[THE RECORDS Boundary: Start]
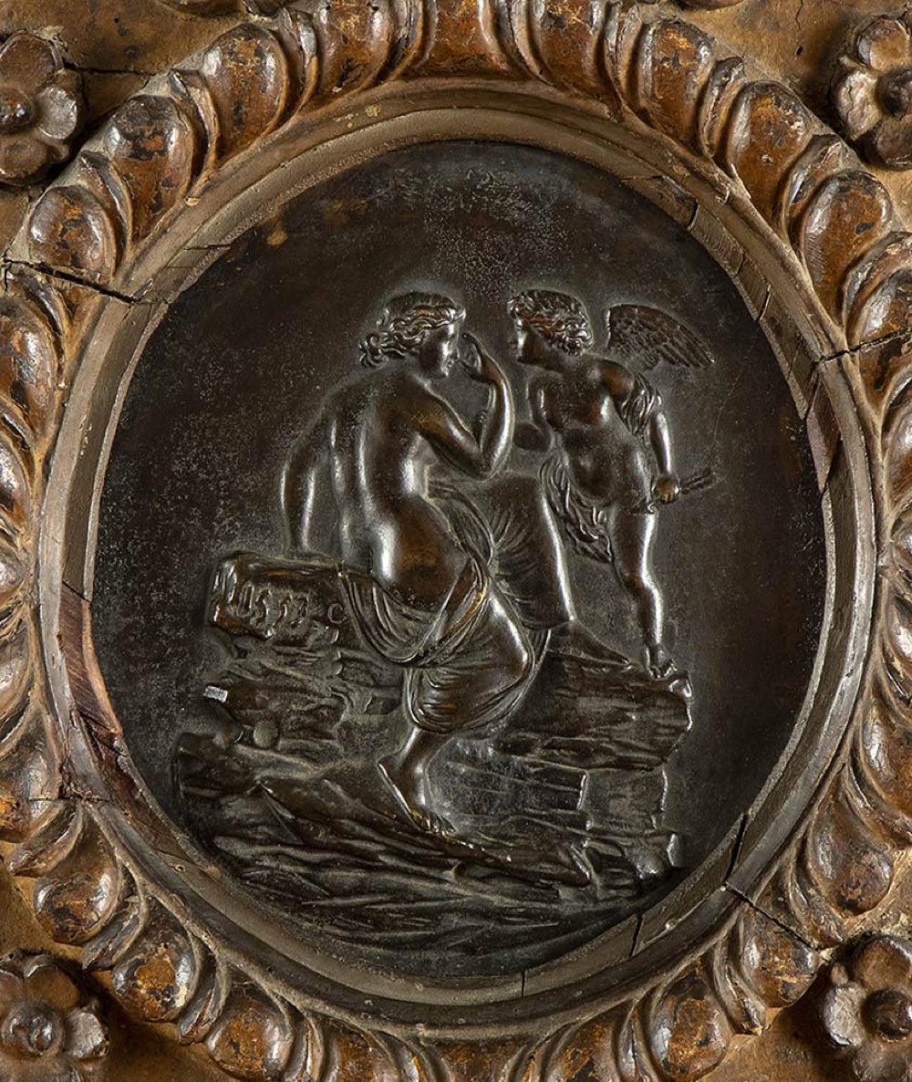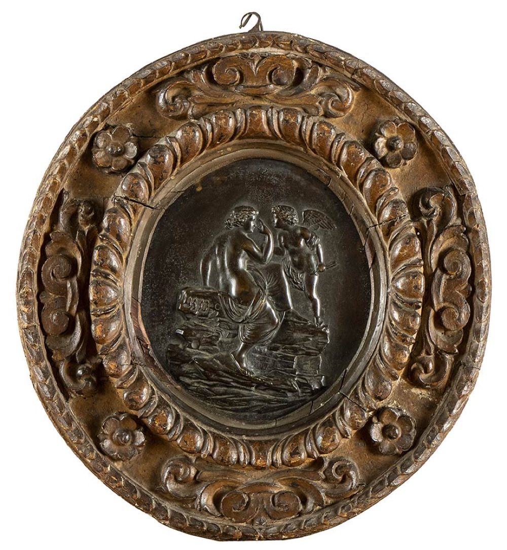 La dinamica struttura serpentinata e il modellato plastico rimandano alla scultura manierista toscana tra Cellini e Gianbologna. Chiara vi è anche l'influenza delle composizioni del Parmigianino tradotte a stampa da Ugo da Carpi e dalla sua cerchia. L'autore della placca può essere individuato tra gli artisti fiamminghi attivi tra Firenze e Roma nella cerchia di Benvenuto Cellini. D'accordo con lo studio del dottor Francesco Rossi il riferimento più accreditato appare quello alla bottega di Willem van Tetrode che soggiornò in Italia in tutto l'arco del sesto decennio del Cinquecento
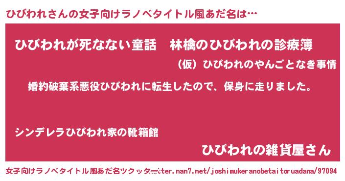 | 男性向けラノベタイトル風あだ名 | 『転生したらひびわれだった件』 |
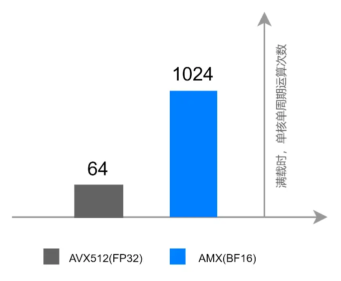 AMX 支持INT8 和 BF16数据类型,用于 AI 工作负载中的矩阵乘法运算。如图3b所示,第四代英特尔® 至强® 可扩展处理器可在单位计算周期内可执行 1024 次 BF16 运算,与第三代英特尔® 至强® 可扩展处理器执行 FP32 运算的次数64 次相比,有16倍的性能提升。
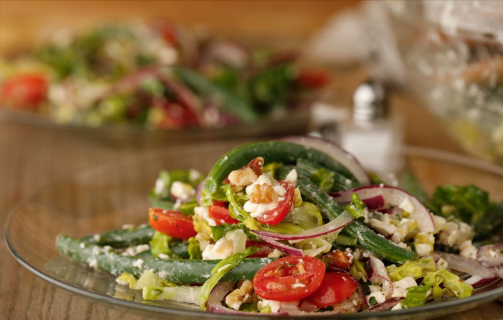 Green bean walnut and feta saladGarnished lightly cooked green beans with fresh mint sounds slightly unusual, but it's a totally delicious flavor combination. The video below uses that perfect pairing and adds all the elements of a crisp, fresh salad.
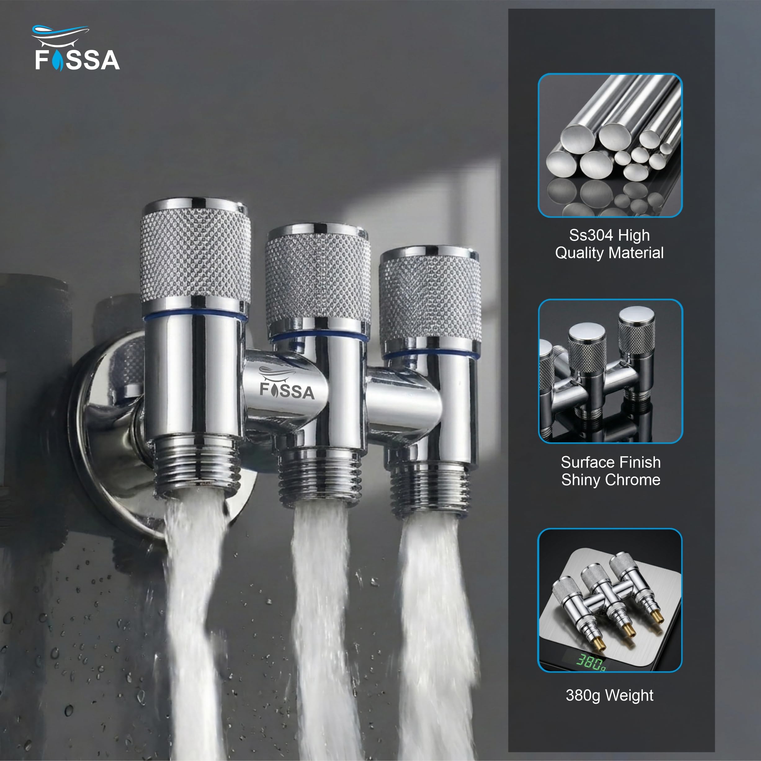3 Way Curio Laundry Faucet Stainless Steel Angle Valve Chrome Finish
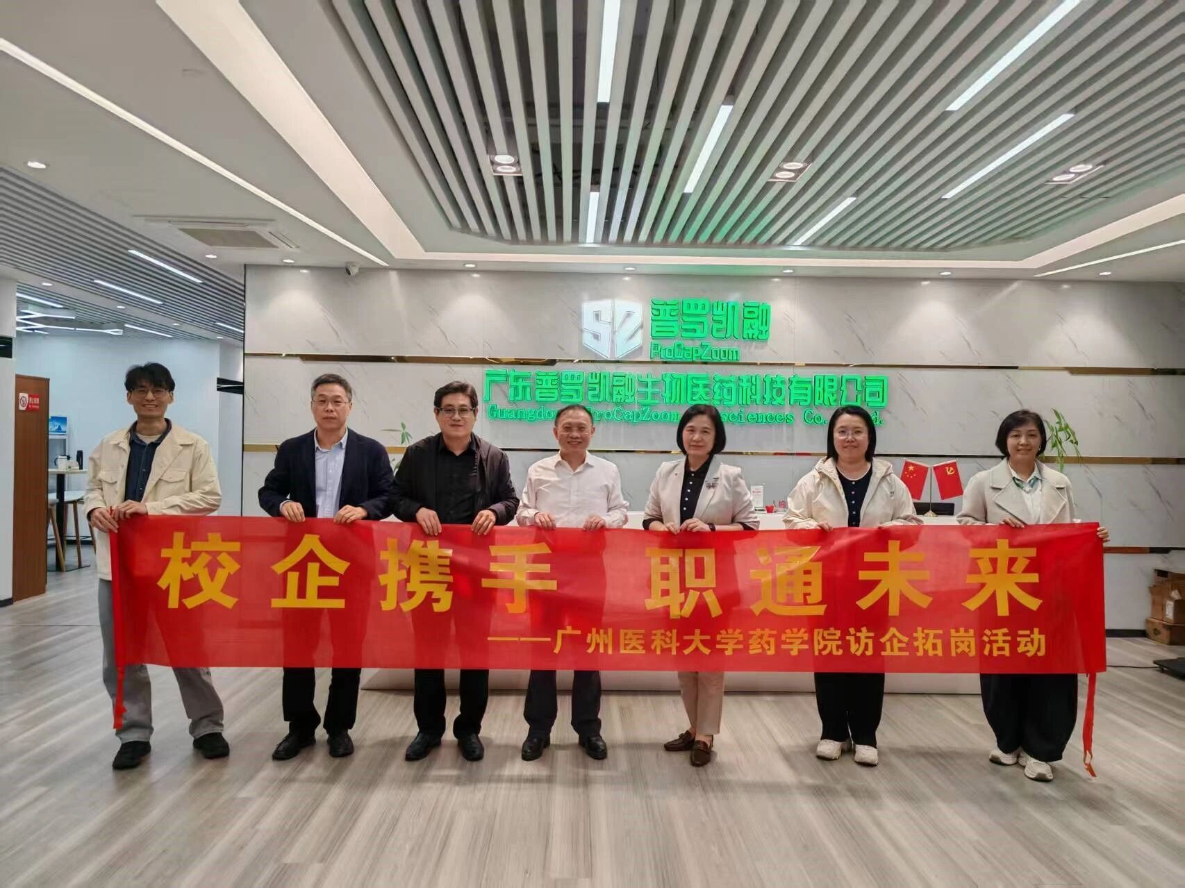 为深化校企协同育人,拓宽毕业生实习就业渠道,推动产教融合高质量发展,2025年12月17日下午,广州医科大学药学院党委吴他凡书记、易伟副院长、罗晓明副书记、学生办刘金艳老师前往广东普罗凯融生物医药科技有限公司开展访企拓岗活动,与普罗凯融公司曾皓宇董事长、李建喜副总经理等进行座谈。
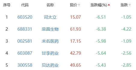 司太立、荣昌生物、未名医药、甘李药业、贝达药业位列涨幅榜后五位,涨幅分别为-6.51%、-6.38%、-5.98%、-5.64%、-5.43%。
[THE RECORDS Boundary: End]
* WORK TO BE COMPLETED *
All pictures are to be skipped. Output, word for word, the lines in the data above starting at the line containing "男性向けラノベタイトル風あだ名 | 『転生したらひびわれだった件』 |" and ending at the line containing "Green bean walnut".

* REPLY *
 | 男性向けラノベタイトル風あだ名 | 『転生したらひびわれだった件』 |
 AMX 支持INT8 和 BF16数据类型,用于 AI 工作负载中的矩阵乘法运算。如图3b所示,第四代英特尔® 至强® 可扩展处理器可在单位计算周期内可执行 1024 次 BF16 运算,与第三代英特尔® 至强® 可扩展处理器执行 FP32 运算的次数64 次相比,有16倍的性能提升。
 Green bean walnut and feta saladGarnished lightly cooked green beans with fresh mint sounds slightly unusual, but it's a totally delicious flavor combination. The video below uses that perfect pairing and adds all the elements of a crisp, fresh salad.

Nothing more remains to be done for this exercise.